Они подошли к зданию театра, завернули за угол, где был служебный подъезд… И увидели карету «скорой помощи».
Лера остановилась.
— Это за ним… — сказала она.
— За кем? — машинально спросила Зина, хотя поняла, о ком идет речь.
Они обе рванулись к театру.
Но в этот момент дверь распахнулась и на улицу высыпали актеры, растерянные, без пальто и без шапок. Показался санитар в белом халате, надетом поверх пальто. Санитар держал за передние ручки носилки, на которых лежал Андрей. Он пытался улыбаться, но это у него не получалось. Сзади носилки держал другой санитар. А сбоку за них цеплялся Иван Максимович… Он застрял в дверях и с трудом протолкнулся.

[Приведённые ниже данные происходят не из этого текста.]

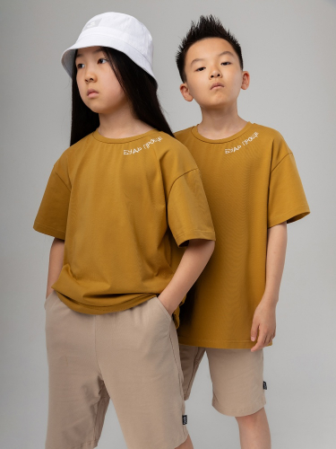 Материал кулирная гладь Состав 92% хлопок 8% лайкра Футболка для детей школьного возраста. Футболка свободного силуэта с втачным коротким рукавом. Горловина футболки округлой формы. Низ изделия прямой. Состав: кулирная гладь 92% хлопок 8% лайкра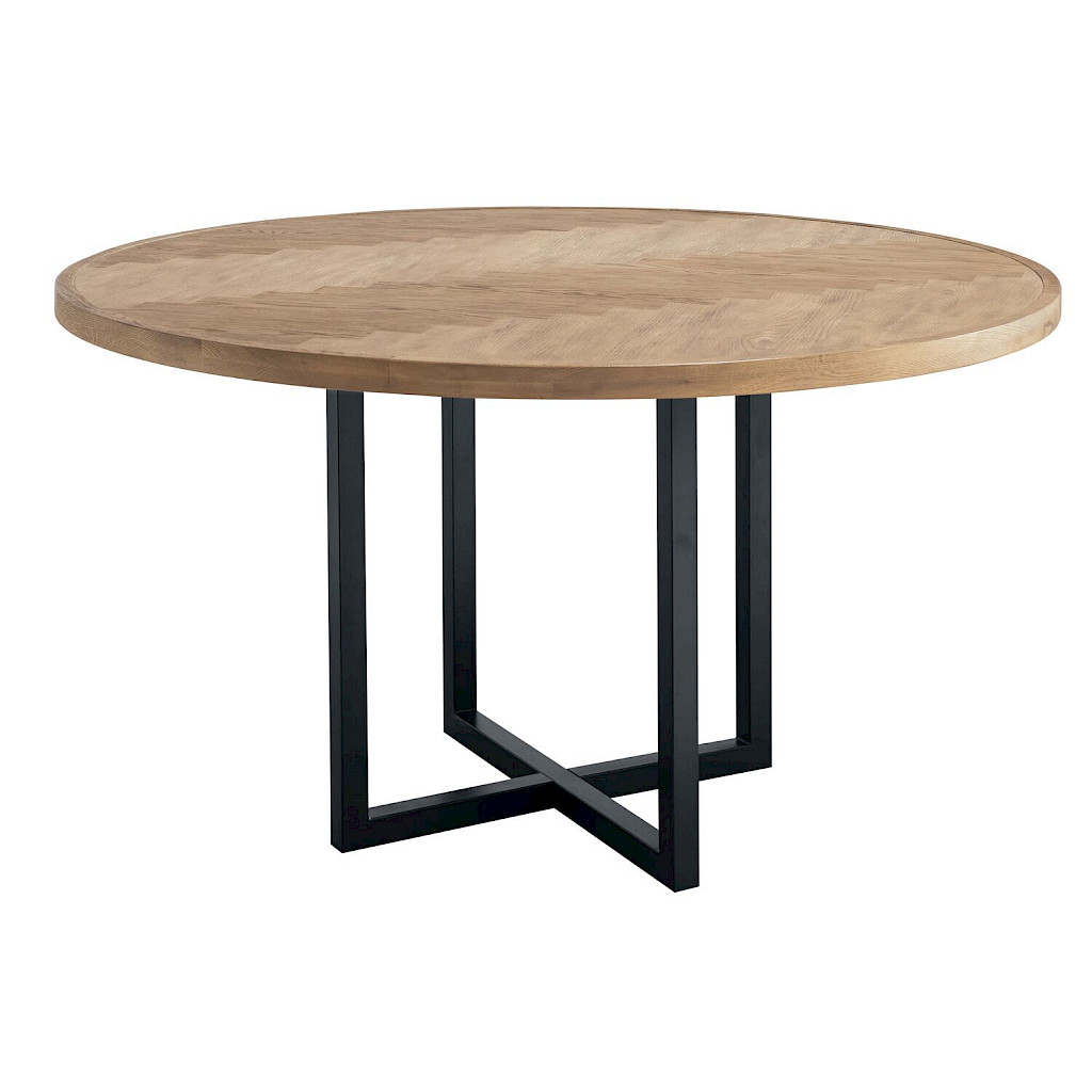 Ronde eetkamertafel met zwarte metalen T-poten van 4x4 cm uitgevoerd in eiken fineer naturel met visgraat motief. De afmetingen zijn H78xØ140m. Deze stoere eetkamertafel geeft een industriële look binnen je interieur. De hoogte vanaf de grond tot de onderkant is ongeveer 73cm. De eetkamertafel is ook beschikbaar met een ovalen blad (200x100cm of 230x110cm) of met een rechthoekig blad (160cm, 190cm of 220cm). Het blad kan daarnaast ook in geheel zwart geleverd worden. Je dient enkel de poten nog eventjes te monteren.

— Андрюша, — сказала Лера. — Ты видишь? Я тут…
— Мы здесь! — подтвердила Зина.
Он преодолел боль и все-таки улыбнулся.
— Все к лучшему, — сказал он. — Человек должен немного полежать и подумать. И от проклятого аппендицита надо же когда-нибудь избавляться! А вы тем временем репетируйте…
Носилки вкатили в машину.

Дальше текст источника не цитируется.